__TASK DETAILS__
Each image should be skipped while the records are restated word for word.

__TASK DATA__
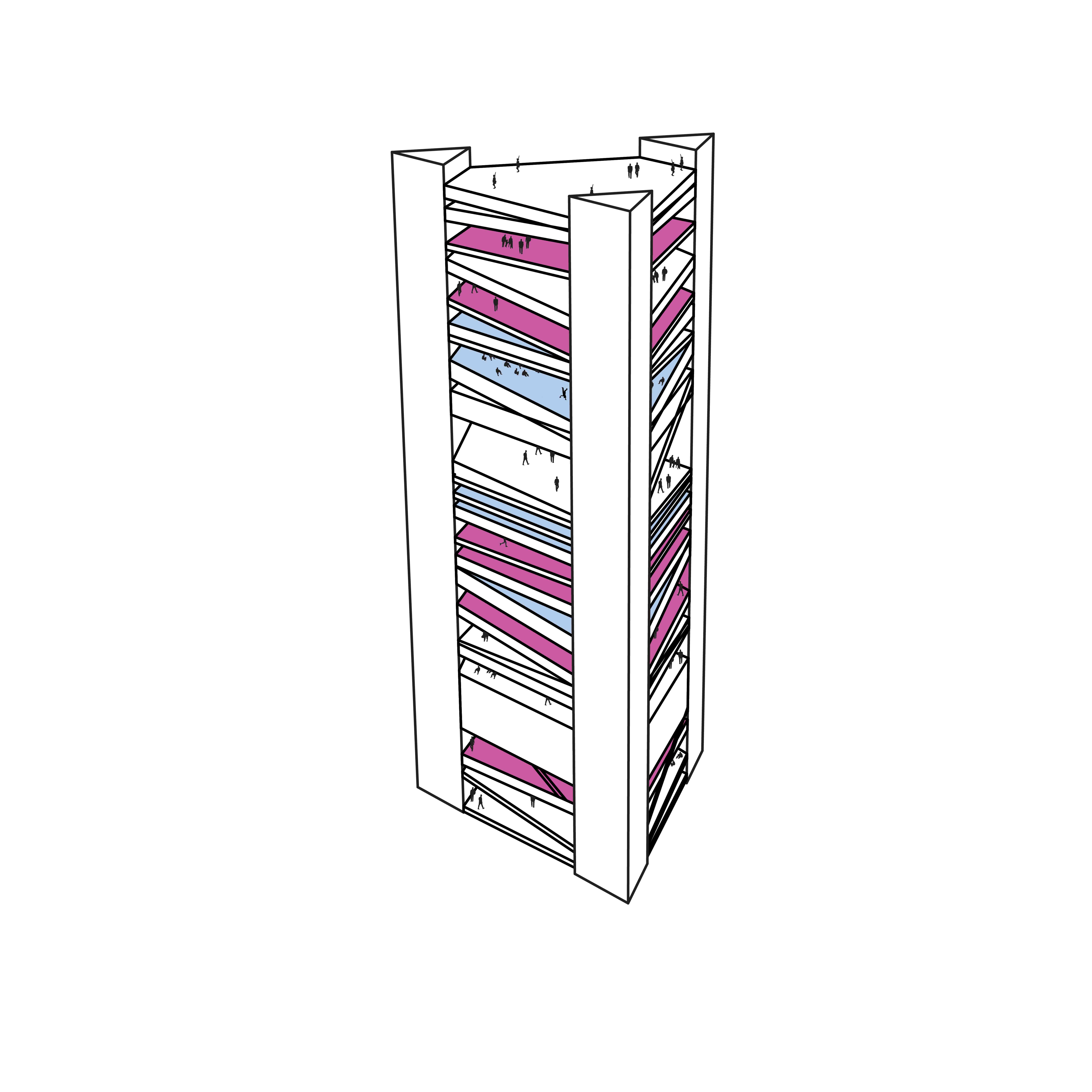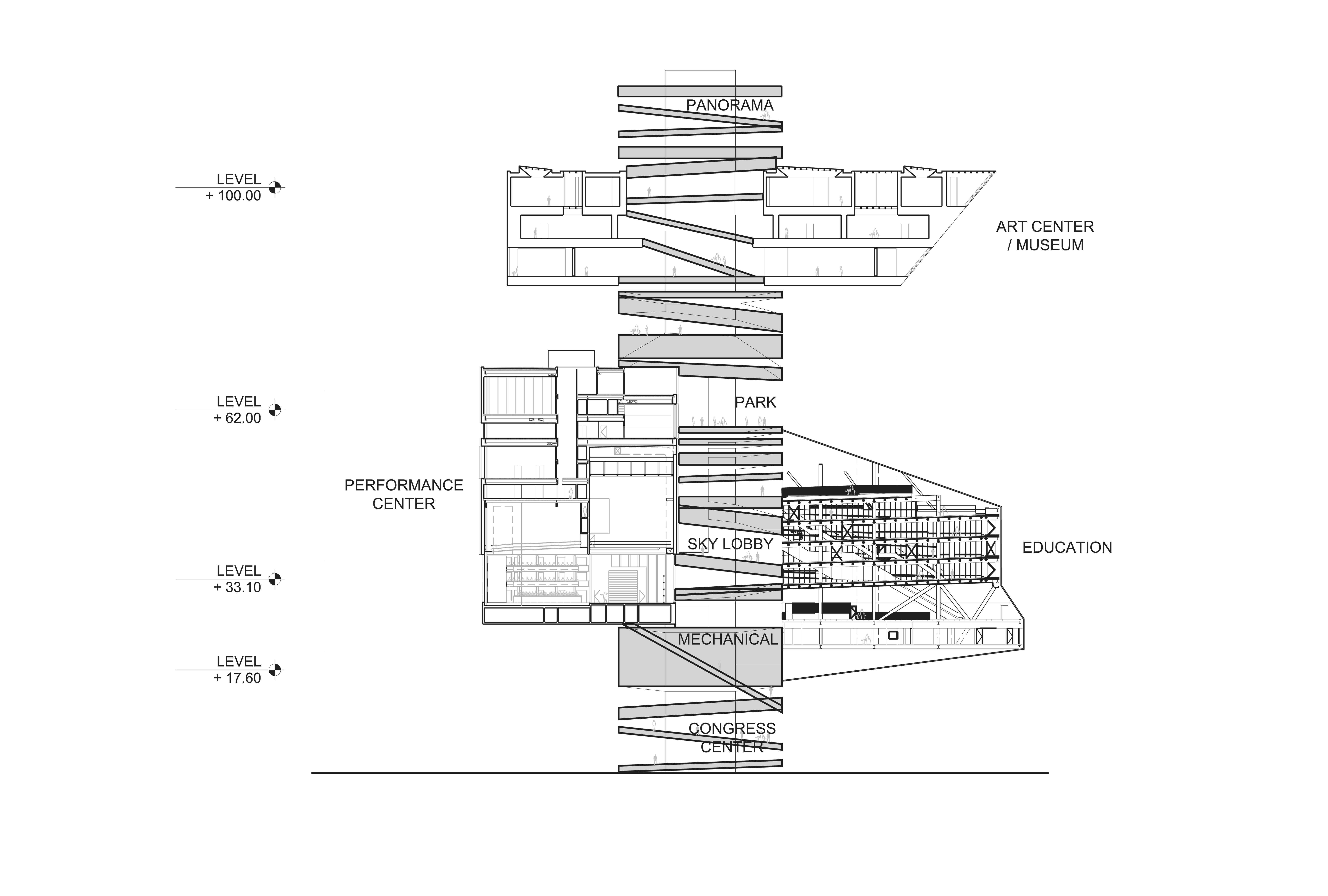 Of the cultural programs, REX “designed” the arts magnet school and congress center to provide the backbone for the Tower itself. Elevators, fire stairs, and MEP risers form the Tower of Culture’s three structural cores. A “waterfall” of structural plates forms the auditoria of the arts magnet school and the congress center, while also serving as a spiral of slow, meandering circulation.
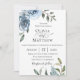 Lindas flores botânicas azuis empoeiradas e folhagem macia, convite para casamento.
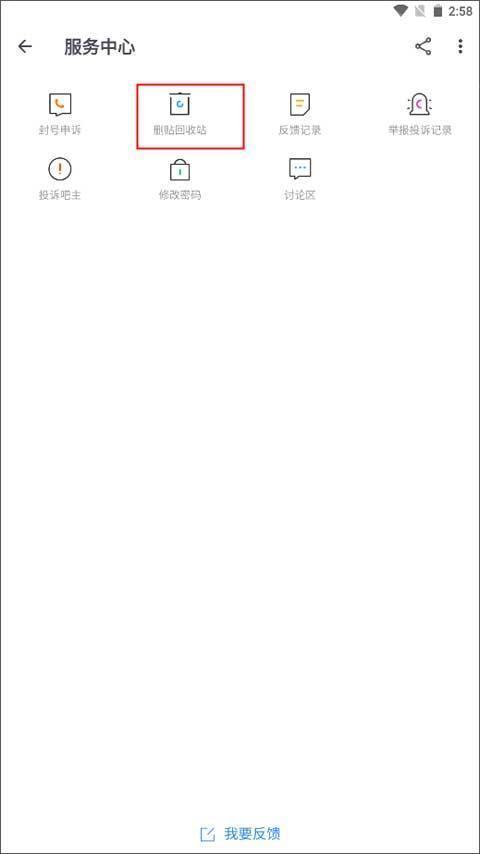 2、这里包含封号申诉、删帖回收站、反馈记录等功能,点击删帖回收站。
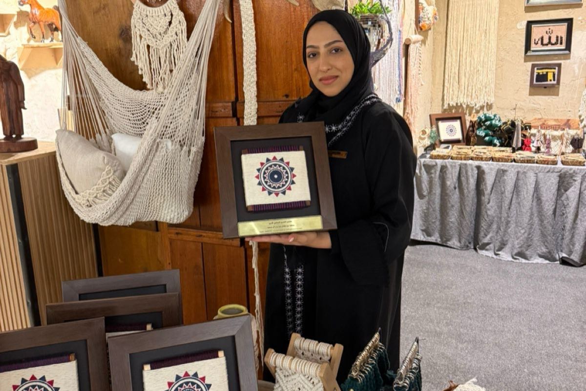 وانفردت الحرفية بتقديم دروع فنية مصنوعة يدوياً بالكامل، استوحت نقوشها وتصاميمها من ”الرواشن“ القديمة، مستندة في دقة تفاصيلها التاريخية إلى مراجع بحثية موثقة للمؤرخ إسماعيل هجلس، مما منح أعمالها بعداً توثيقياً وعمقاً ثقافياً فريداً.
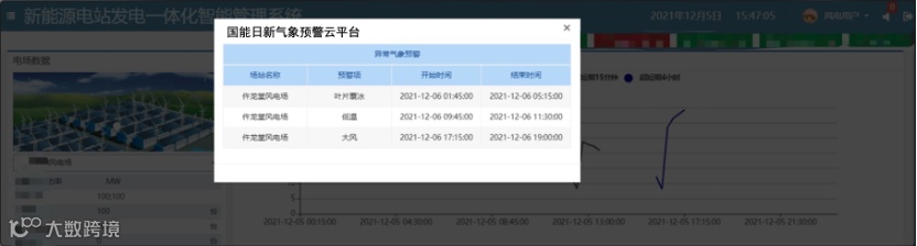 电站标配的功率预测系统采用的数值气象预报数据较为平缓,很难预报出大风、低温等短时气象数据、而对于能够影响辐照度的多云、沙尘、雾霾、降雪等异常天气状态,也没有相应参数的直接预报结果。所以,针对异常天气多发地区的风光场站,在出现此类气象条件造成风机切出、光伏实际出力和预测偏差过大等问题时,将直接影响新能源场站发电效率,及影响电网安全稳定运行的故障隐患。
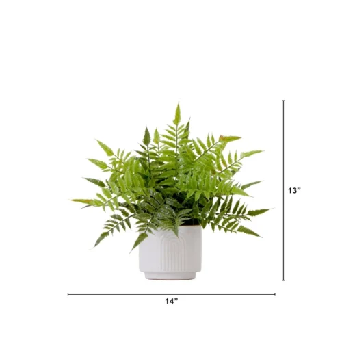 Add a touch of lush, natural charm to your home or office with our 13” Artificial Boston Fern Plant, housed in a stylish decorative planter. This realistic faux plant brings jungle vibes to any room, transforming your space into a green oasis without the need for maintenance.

__RESPONSE__
 Of the cultural programs, REX “designed” the arts magnet school and congress center to provide the backbone for the Tower itself. Elevators, fire stairs, and MEP risers form the Tower of Culture’s three structural cores. A “waterfall” of structural plates forms the auditoria of the arts magnet school and the congress center, while also serving as a spiral of slow, meandering circulation.
 Lindas flores botânicas azuis empoeiradas e folhagem macia, convite para casamento.
 2、这里包含封号申诉、删帖回收站、反馈记录等功能,点击删帖回收站。
 وانفردت الحرفية بتقديم دروع فنية مصنوعة يدوياً بالكامل، استوحت نقوشها وتصاميمها من ”الرواشن“ القديمة، مستندة في دقة تفاصيلها التاريخية إلى مراجع بحثية موثقة للمؤرخ إسماعيل هجلس، مما منح أعمالها بعداً توثيقياً وعمقاً ثقافياً فريداً.
 电站标配的功率预测系统采用的数值气象预报数据较为平缓,很难预报出大风、低温等短时气象数据、而对于能够影响辐照度的多云、沙尘、雾霾、降雪等异常天气状态,也没有相应参数的直接预报结果。所以,针对异常天气多发地区的风光场站,在出现此类气象条件造成风机切出、光伏实际出力和预测偏差过大等问题时,将直接影响新能源场站发电效率,及影响电网安全稳定运行的故障隐患。
 Add a touch of lush, natural charm to your home or office with our 13” Artificial Boston Fern Plant, housed in a stylish decorative planter. This realistic faux plant brings jungle vibes to any room, transforming your space into a green oasis without the need for maintenance.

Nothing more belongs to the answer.